*RECORDED INFORMATION:*
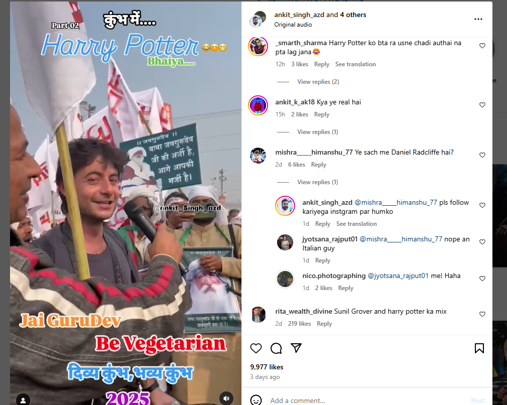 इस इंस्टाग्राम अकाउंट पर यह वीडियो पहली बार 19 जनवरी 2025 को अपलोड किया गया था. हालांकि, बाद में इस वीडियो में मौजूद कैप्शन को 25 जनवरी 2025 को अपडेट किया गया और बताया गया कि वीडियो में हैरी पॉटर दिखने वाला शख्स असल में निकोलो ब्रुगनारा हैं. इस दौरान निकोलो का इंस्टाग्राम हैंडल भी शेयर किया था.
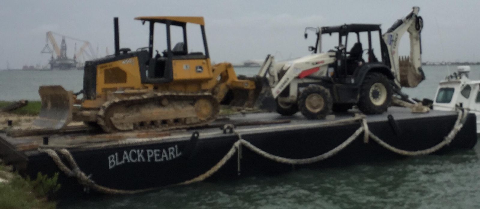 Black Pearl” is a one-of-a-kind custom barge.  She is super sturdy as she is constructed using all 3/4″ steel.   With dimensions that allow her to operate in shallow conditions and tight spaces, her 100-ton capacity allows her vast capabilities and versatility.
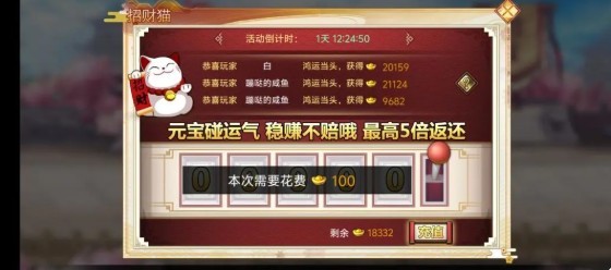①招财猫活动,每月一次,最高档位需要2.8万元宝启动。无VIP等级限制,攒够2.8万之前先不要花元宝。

==

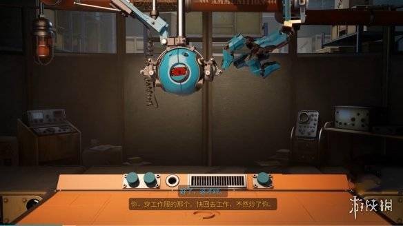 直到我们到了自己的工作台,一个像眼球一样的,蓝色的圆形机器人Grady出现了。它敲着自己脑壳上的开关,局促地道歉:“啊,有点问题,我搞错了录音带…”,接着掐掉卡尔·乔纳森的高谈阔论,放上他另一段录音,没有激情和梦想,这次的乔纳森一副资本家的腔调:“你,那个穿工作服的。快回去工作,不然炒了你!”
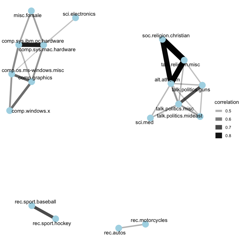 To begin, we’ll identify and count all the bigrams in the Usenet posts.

---

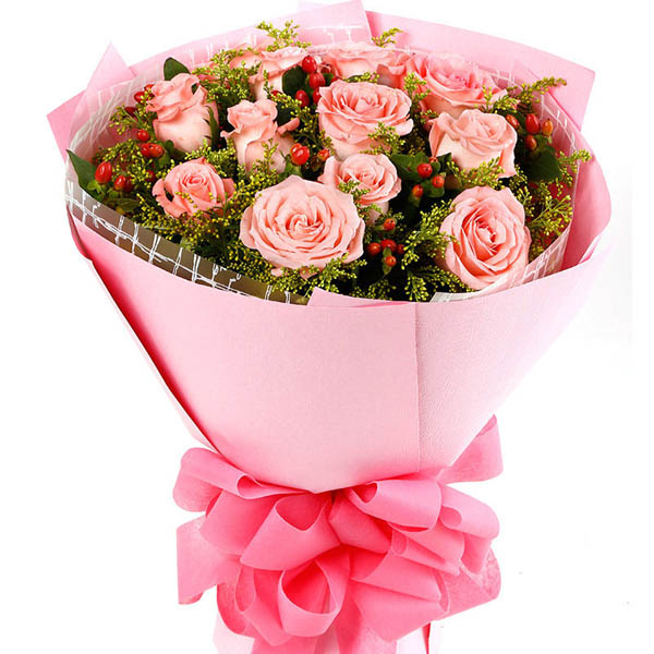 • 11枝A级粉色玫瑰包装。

*WHAT YOU SHOULD DO:*
Within the entries above, the lines from the one containing "इस इंस्टाग्राम अकाउंट" through the one containing "①招财猫活动,每月一次,最高" are to be transcribed exactly, ends included, pictures excluded.

*EXERCISE RESPONSE:*
 इस इंस्टाग्राम अकाउंट पर यह वीडियो पहली बार 19 जनवरी 2025 को अपलोड किया गया था. हालांकि, बाद में इस वीडियो में मौजूद कैप्शन को 25 जनवरी 2025 को अपडेट किया गया और बताया गया कि वीडियो में हैरी पॉटर दिखने वाला शख्स असल में निकोलो ब्रुगनारा हैं. इस दौरान निकोलो का इंस्टाग्राम हैंडल भी शेयर किया था.
 Black Pearl” is a one-of-a-kind custom barge.  She is super sturdy as she is constructed using all 3/4″ steel.   With dimensions that allow her to operate in shallow conditions and tight spaces, her 100-ton capacity allows her vast capabilities and versatility.
①招财猫活动,每月一次,最高档位需要2.8万元宝启动。无VIP等级限制,攒够2.8万之前先不要花元宝。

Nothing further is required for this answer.